Parts of the Immune System

The immune system is like a police force. It patrols everywhere, and if it finds a disturbance, it calls for back-up. In this way, it is different from other systems in that it has to be able to react in any part of the body. The immune system provides two levels of defense: innate and adaptive immunity. This discussion will begin with a brief description of the organs and tissues associated with the immune system and then focus on the cells that provide innate and adaptive immunity.

Organs and tissues

Organs and tissues important to the proper functioning of the immune system include the thymus and bone marrow, lymph nodes and vessels, spleen, and skin.

Bone marrow and thymus

If the immune system is a police force, the bone marrow is the police academy because this is where the different types of immune system cells are created. All cells of the immune system are created in the bone marrow from a common type of starting cell, called a stem cell. These stem cells later develop into specific cell types, including red blood cells, platelets (important for blood clotting), and white blood cells (important for immune responses). The cell generation and differentiation process occurs every day for as long as we live. As a result, in the same way that the red blood cells in our blood are replenished after an injury or blood donation, our immune system cells are constantly replenished.

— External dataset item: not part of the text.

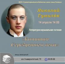 Приглашаем на литературно-музыкальную гостиную, посвящённую жизни и творчеству Николая Гумилёва к его 140-летию со дня рождения. Для вас рассказ о жизни поэта, его экспедициях и влиянии на русскую литературу. Прозвучат стихи и песни на его тексты, наполненные романтикой и силой духа.
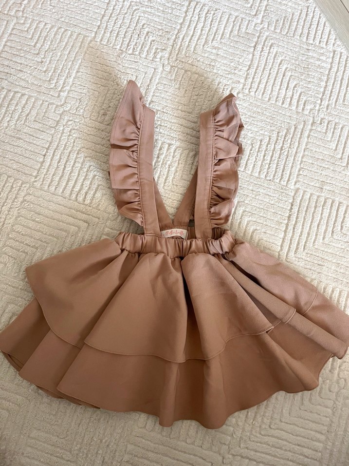 Bej renkli deri kız çocuk elbisesi, fırfırlı askıları ve bol kesimi ile. Askısız yaka ve bohem tarzda, klasik şıklık için uygun.

Some of the stem cells will become a type of immune system cell called a lymphocyte. Two types of lymphocytes comprise the adaptive immune system — B cells and T cells. B cells mature in the bone marrow (hence the name “B cell”). Cells that eventually become T cells travel from the bone marrow to the thymus by way of our bloodstream where they mature (hence the name “T cell”). The thymus is located just above the heart behind the sternum, or breastbone.

Lymph nodes and vessels

Lymph nodes are tissues full of immune cells. These nodes are located strategically throughout the body. Some are better known than others. For example, many people are familiar with tonsils and adenoids in the neck, but may not be aware of Peyer’s patches, which are lymph nodes that line the intestine. Numerous unnamed lymph nodes also exist throughout the body; in fact, virtually every corner of our body has some group of lymph nodes associated with it. Lymph nodes tend to be most prevalent in areas near body openings, such as the digestive tract and the genital region, because this is where pathogens most often enter the body.

If the immune system is a police force; lymph nodes are their stations. Once a pathogen is detected, nearby lymph nodes, often referred to as draining lymph nodes, become hives of activity, where cell activation, chemical signaling, and expansion of the number of immune system cells occur. The result is that the nodes increase in size and the surrounding areas may become tender as the enlarged nodes take up more space than usual. “Swollen glands” in the neck are an example that most of us have experienced. But, the same thing can occur anywhere lymph nodes are activated.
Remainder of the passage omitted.